_Data entries:_
....................

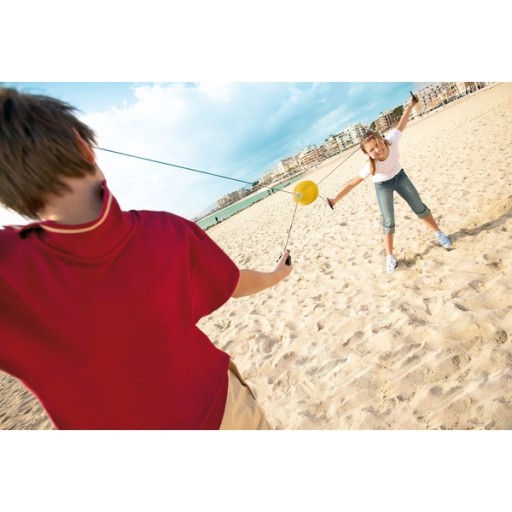 Latająca Bila to rewelacyjna gra zręcznościowa, która polega na przeciąganiu bili pomiędzy graczami, tak aby przeciwnik nie zdążył w odpowiednim momencie odbić bili. Latająca Bila to klasyczna zabawka dla dwóch osób wykonana z miękkiego tworzywa, sznurka i plastikowych uchwytów. Jest to idealny zestaw do zabawy na świeżym powietrzu z rodziną i przyjaciółmi. Jumbo ball sprawdzi się podczas zabaw na wakacjach czy weekendowych wyjazdach.
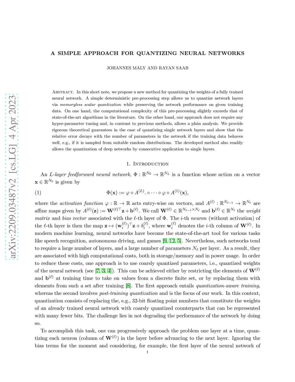 A simple approach for quantizing neural networks
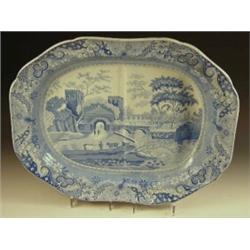 An early 19th century Spode blue and white platter printed in blue with the gate of Sebastian at Capena or the castle pattern, the gravy reservoir at one end, impressed mark, 52.5cm wide. Leonard Whiter in 'Spode' page 168 says that this design was taken from Merigot's 'Views of Rome and its Vicinities' published 1796-8 £250-350
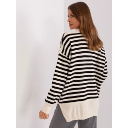 Dámský pletený svetr oversize v krémové a černé barvě.
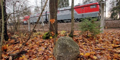 На Паровозной улице в Зеленогорске в лесополосе вдоль железной дороги можно встретить несколько камней. Они остаются от вокзала, который тут находился.

....................

_Task to carry out:_ Once the pictures are set aside, repeat the data above exactly as written.

_The completed task:_
 Latająca Bila to rewelacyjna gra zręcznościowa, która polega na przeciąganiu bili pomiędzy graczami, tak aby przeciwnik nie zdążył w odpowiednim momencie odbić bili. Latająca Bila to klasyczna zabawka dla dwóch osób wykonana z miękkiego tworzywa, sznurka i plastikowych uchwytów. Jest to idealny zestaw do zabawy na świeżym powietrzu z rodziną i przyjaciółmi. Jumbo ball sprawdzi się podczas zabaw na wakacjach czy weekendowych wyjazdach.
 A simple approach for quantizing neural networks
 An early 19th century Spode blue and white platter printed in blue with the gate of Sebastian at Capena or the castle pattern, the gravy reservoir at one end, impressed mark, 52.5cm wide. Leonard Whiter in 'Spode' page 168 says that this design was taken from Merigot's 'Views of Rome and its Vicinities' published 1796-8 £250-350
 Dámský pletený svetr oversize v krémové a černé barvě.
 На Паровозной улице в Зеленогорске в лесополосе вдоль железной дороги можно встретить несколько камней. Они остаются от вокзала, который тут находился.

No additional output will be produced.